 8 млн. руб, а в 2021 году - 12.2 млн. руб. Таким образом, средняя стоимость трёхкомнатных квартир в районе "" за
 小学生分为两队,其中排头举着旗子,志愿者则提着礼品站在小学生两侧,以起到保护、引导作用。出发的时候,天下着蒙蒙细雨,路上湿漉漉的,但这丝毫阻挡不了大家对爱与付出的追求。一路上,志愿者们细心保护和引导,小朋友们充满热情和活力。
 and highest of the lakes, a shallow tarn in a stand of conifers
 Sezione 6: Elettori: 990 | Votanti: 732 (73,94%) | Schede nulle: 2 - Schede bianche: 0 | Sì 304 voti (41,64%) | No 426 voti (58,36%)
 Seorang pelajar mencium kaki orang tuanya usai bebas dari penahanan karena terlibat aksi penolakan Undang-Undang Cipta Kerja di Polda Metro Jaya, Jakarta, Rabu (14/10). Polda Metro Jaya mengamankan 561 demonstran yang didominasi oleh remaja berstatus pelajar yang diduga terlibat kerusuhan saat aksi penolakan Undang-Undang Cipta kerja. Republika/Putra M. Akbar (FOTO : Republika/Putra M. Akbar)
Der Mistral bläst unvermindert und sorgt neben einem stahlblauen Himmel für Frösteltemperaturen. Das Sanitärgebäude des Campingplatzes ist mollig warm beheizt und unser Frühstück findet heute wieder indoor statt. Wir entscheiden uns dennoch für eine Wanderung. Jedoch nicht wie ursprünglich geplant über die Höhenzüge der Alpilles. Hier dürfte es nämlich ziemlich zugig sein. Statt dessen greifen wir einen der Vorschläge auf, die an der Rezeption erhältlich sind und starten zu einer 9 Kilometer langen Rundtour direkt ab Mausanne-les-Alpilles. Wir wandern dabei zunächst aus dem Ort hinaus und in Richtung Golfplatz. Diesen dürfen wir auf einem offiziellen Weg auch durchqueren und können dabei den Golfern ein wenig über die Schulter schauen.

> [What to work on]: Only the lines from the first line of the records through the one containing "Sezione 6: Elettori: 990" should be reproduced, exactly, with both of them included.

> [Task answer]:
 8 млн. руб, а в 2021 году - 12.2 млн. руб. Таким образом, средняя стоимость трёхкомнатных квартир в районе "" за
 小学生分为两队,其中排头举着旗子,志愿者则提着礼品站在小学生两侧,以起到保护、引导作用。出发的时候,天下着蒙蒙细雨,路上湿漉漉的,但这丝毫阻挡不了大家对爱与付出的追求。一路上,志愿者们细心保护和引导,小朋友们充满热情和活力。
 and highest of the lakes, a shallow tarn in a stand of conifers
 Sezione 6: Elettori: 990 | Votanti: 732 (73,94%) | Schede nulle: 2 - Schede bianche: 0 | Sì 304 voti (41,64%) | No 426 voti (58,36%)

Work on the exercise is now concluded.